De alguma forma, parece que nossos antepassados desenvolveram esse infeliz curto-circuito neuronal entre amor e ódio – talvez com o objetivo bem prático de solucionar problemas de procriação. Provavelmente, todas as etapas vividas convergem justamente para esse mecanismo – que nos possibilita de fato encerrar um relacionamento amoroso fracassado para que possamos ousar um novo começo. Além disso, é a raiva do ex que faz com que os pais, no caso de uma separação, lutem tão intensamente pelo (que acreditam ser o) bem-estar de sua prole. Quantas vezes, homens e mulheres anteriormente equilibrados se transformam repentinamente durante uma separação, tentando conseguir o que acreditam ser “o melhor” para seus filhos, da pior maneira possível. Nos Estados Unidos há juízes que mandam instalar um botão de emergência em sua mesa, caso os brigões que estão se divorciando resolvam se agredir fisicamente durante a audiência.

Mas, em algum momento, as pessoas desistem. E aí inicia-se a segunda fase da separação: é o momento de lidar com a perda e resignar-se. Nessa fase, os mais propensos ao uso de álcool podem recorrer à substância; outros se isolam ou passam a maior parte do tempo apáticos. “Em 1991, um grupo de sociólogos da Universidade da Califórnia, em Los Angeles, entrevistou 114 homens e mulheres que tinham sido deixados por seus amados nas oito semanas anteriores. Mais de 40% sofria de depressão. Dos que receberam esse diagnóstico, 12% classificaram a patologia como mediana ou intensa”, observa Helen Fisher.

A fase de resignação também se reflete na rede de recompensa neuronal. Filhotes abandonados por suas mães, que inicialmente protestaram e entraram em pânico, mais tarde experimentam um estado de resignação, uma espécie de letargia, em “resposta de desespero”. Quando esses animais compreendem que suas esperanças não serão mais realizadas, as células produtoras de dopamina no mesencéfalo reduzem sua atividade. A falta desse neurotransmissor, por sua vez, leva ao desânimo e, nos casos mais graves, à depressão.

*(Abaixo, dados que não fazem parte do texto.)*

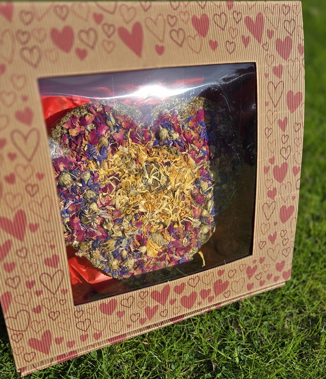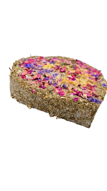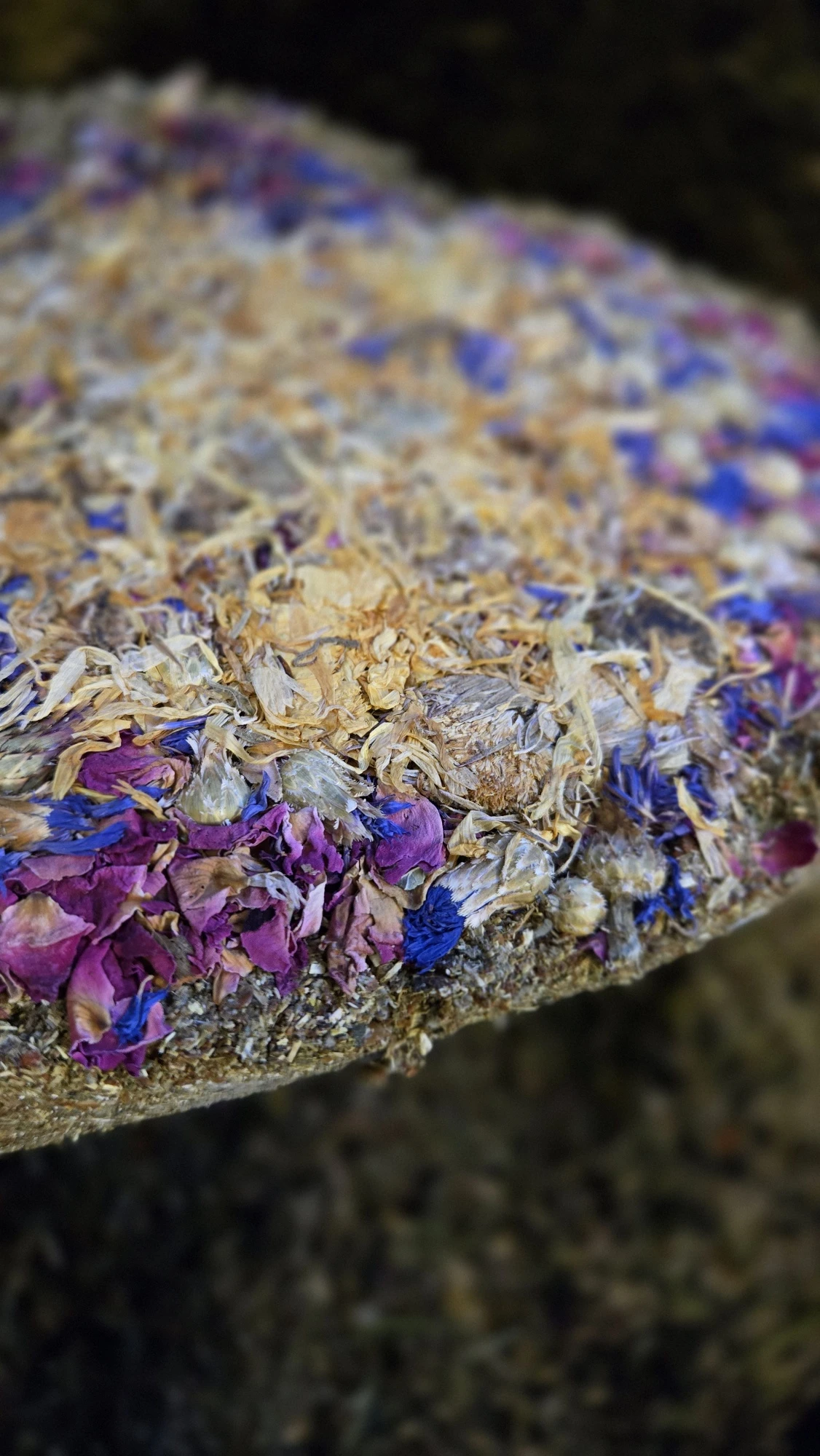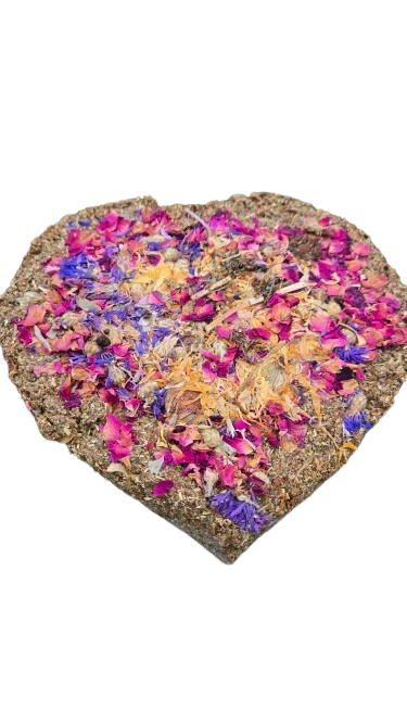 Kwiatowe Serce to pachnące ziołami i kwiatami ciacho dla koni wykonane wyłącznie z naturalnych surowców roślinnych. Produkt powstał jako bezpieczna nagroda dla koni z wrażliwym układem pokarmowym, skłonnością do wrzodów oraz dla koni sportowych wymagających stabilnej, niskocukrowej przekąski.

Num primeiro momento, assim como o “amor-ódio”, o desespero também parece contraproducente. Para que perder tempo com aflições? Alguns especialistas, porém, acreditam que a depressão se desenvolveu como mecanismo de superação. Existem toneladas de teorias sobre esse tema. Uma hipótese extremamente interessante é defendida pelo antropólogo Edward Hagen, da Universidade Humboldt de Berlim, e pelos biólogos Paul Watson e Paul Andrews, da Universidade do Novo México, assim como pelo psiquiatra Andy Thomson, da Universidade da Virginia. Segundo eles, o alto ônus psíquico, físico e social causado pela depressão tem sua utilidade: seus sintomas funcionam como claro sinal de que a pessoa afetada precisa urgentemente de apoio daqueles que a rodeiam.

Imaginem uma moça do período paleolítico cujo companheiro se junte abertamente a outra mulher. No início, ela protesta furiosa tentando forçar seu parceiro a abandonar o affair. Ela pede ajuda a amigos e aos companheiros do clã, mas suas súplicas não são atendidas. Por fim, ela entra em profunda depressão. Isso faz com que a família finalmente expulse o homem infiel. Eles apóiam a jovem abandonada até que ela reúna forças suficientes para procurar um novo companheiro e conseguir novamente colaborar com a alimentação e os cuidados das crianças.

A depressão, porém, oferece mais uma vantagem evolucionária: nos obriga a encarar os fatos como são. Pessoas depressivas vivem aquilo que o psicólogo Jeffrey Zeig, da Fundação Milton H. Erickson, em Phoenix, Arizona, chama de “falha da negação”. Somente a depressão leva uma pessoa a aceitar finalmente o apoio oferecido ou a tomar uma decisão que, em última instância, pode acabar tendo efeito positivo sobre suas chances de sobrevivência e procriação.

A natureza humana tem bons motivos para ser moldada de forma que soframos massivamente pela privação repentina do amor – no início, para que possamos protestar e tentar recuperar o objeto de nosso afeto e, por fim, quando nada disso funciona, para que deixemos de lado esse objeto e possamos recomeçar.